• _Instructions for the task_:
Set down exactly the lines from the one containing "Many of them" to the final line of the records below, with every picture omitted.

• _Exercise data_:
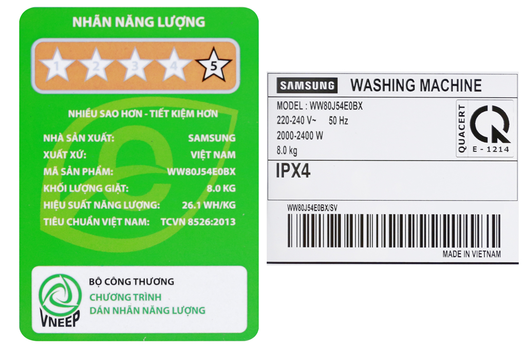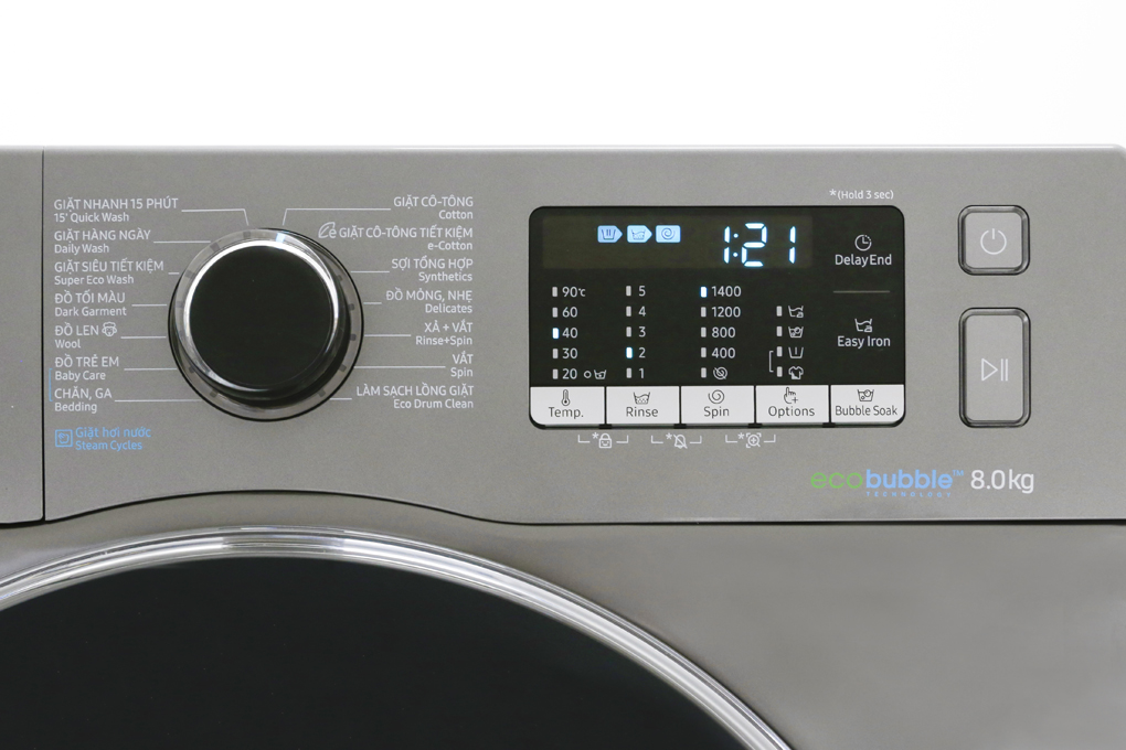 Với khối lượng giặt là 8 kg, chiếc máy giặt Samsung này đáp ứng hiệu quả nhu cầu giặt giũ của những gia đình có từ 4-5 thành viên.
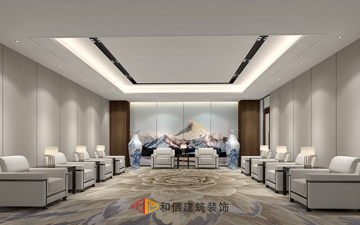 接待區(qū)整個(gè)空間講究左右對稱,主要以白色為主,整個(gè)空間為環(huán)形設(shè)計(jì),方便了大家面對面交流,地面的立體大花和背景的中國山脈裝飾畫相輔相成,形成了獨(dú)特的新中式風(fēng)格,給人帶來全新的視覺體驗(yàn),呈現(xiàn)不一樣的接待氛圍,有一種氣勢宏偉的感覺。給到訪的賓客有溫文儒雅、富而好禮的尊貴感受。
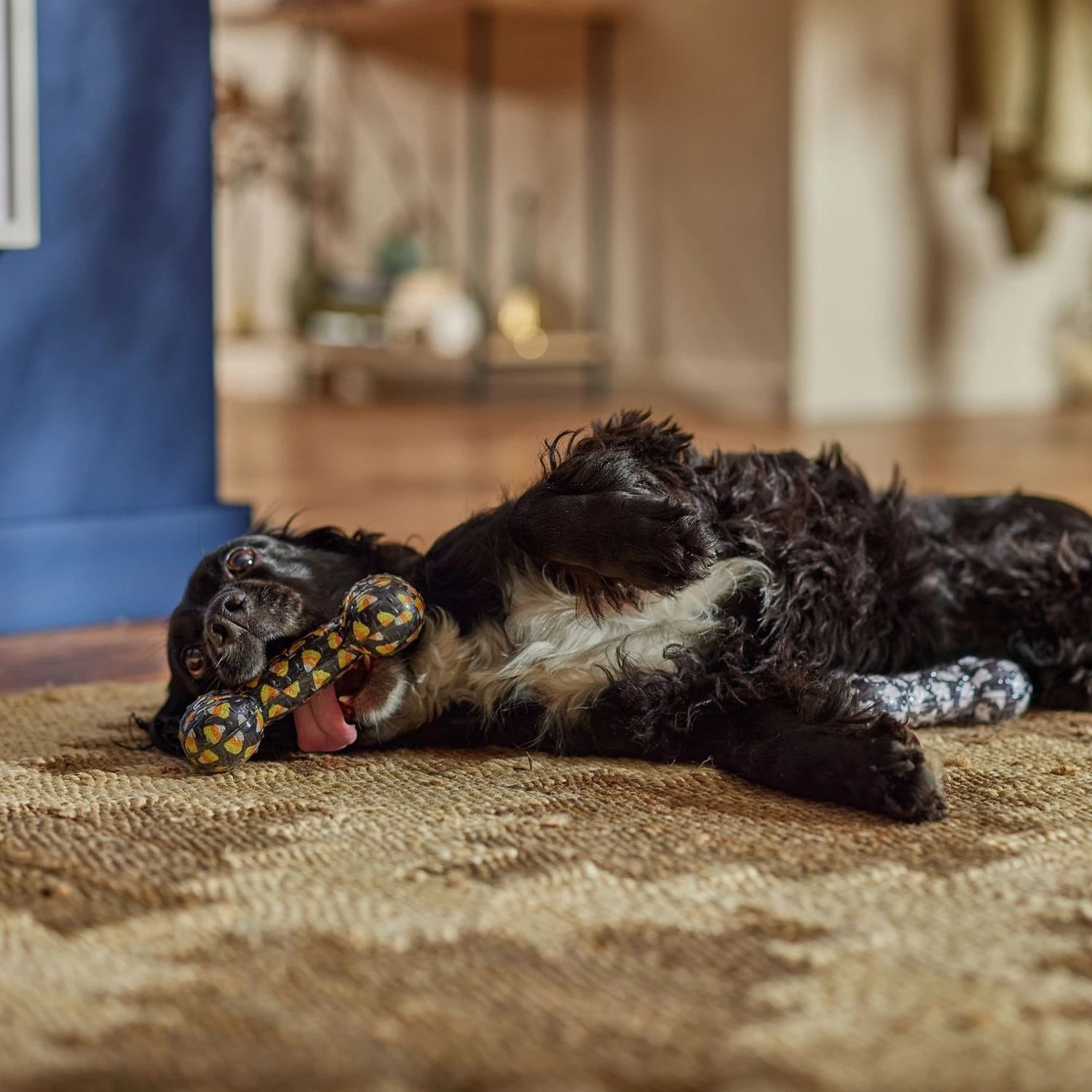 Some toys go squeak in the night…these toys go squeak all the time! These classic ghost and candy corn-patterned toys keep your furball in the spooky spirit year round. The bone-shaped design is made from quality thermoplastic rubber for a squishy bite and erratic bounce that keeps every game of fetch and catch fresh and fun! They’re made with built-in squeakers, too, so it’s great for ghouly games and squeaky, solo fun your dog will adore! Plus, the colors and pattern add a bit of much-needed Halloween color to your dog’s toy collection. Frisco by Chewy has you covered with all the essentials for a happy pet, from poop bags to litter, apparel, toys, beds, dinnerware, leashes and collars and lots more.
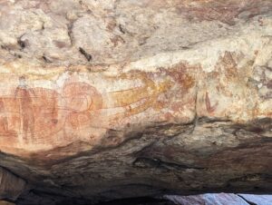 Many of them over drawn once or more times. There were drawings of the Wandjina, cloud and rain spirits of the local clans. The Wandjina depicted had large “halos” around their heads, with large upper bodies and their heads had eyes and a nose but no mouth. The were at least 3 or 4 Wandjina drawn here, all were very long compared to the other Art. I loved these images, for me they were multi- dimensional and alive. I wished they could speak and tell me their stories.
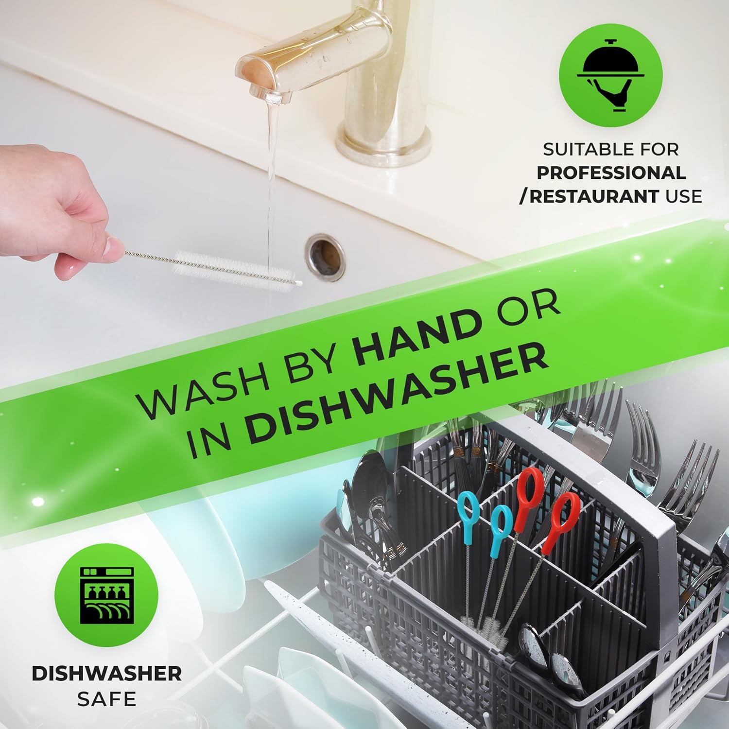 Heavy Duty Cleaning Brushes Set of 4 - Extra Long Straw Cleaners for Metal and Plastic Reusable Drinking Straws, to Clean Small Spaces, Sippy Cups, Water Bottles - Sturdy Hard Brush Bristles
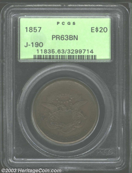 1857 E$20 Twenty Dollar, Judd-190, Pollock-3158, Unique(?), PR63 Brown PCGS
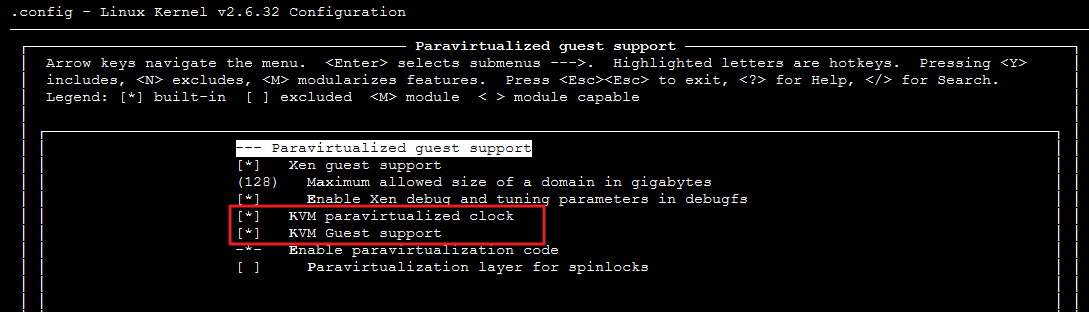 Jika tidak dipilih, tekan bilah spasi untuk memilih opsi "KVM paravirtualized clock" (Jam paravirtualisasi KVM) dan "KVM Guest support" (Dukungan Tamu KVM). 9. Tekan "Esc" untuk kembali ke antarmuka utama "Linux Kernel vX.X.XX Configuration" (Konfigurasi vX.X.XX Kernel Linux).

• _Answer section_:
 Many of them over drawn once or more times. There were drawings of the Wandjina, cloud and rain spirits of the local clans. The Wandjina depicted had large “halos” around their heads, with large upper bodies and their heads had eyes and a nose but no mouth. The were at least 3 or 4 Wandjina drawn here, all were very long compared to the other Art. I loved these images, for me they were multi- dimensional and alive. I wished they could speak and tell me their stories.
 Heavy Duty Cleaning Brushes Set of 4 - Extra Long Straw Cleaners for Metal and Plastic Reusable Drinking Straws, to Clean Small Spaces, Sippy Cups, Water Bottles - Sturdy Hard Brush Bristles
 1857 E$20 Twenty Dollar, Judd-190, Pollock-3158, Unique(?), PR63 Brown PCGS
 Jika tidak dipilih, tekan bilah spasi untuk memilih opsi "KVM paravirtualized clock" (Jam paravirtualisasi KVM) dan "KVM Guest support" (Dukungan Tamu KVM). 9. Tekan "Esc" untuk kembali ke antarmuka utama "Linux Kernel vX.X.XX Configuration" (Konfigurasi vX.X.XX Kernel Linux).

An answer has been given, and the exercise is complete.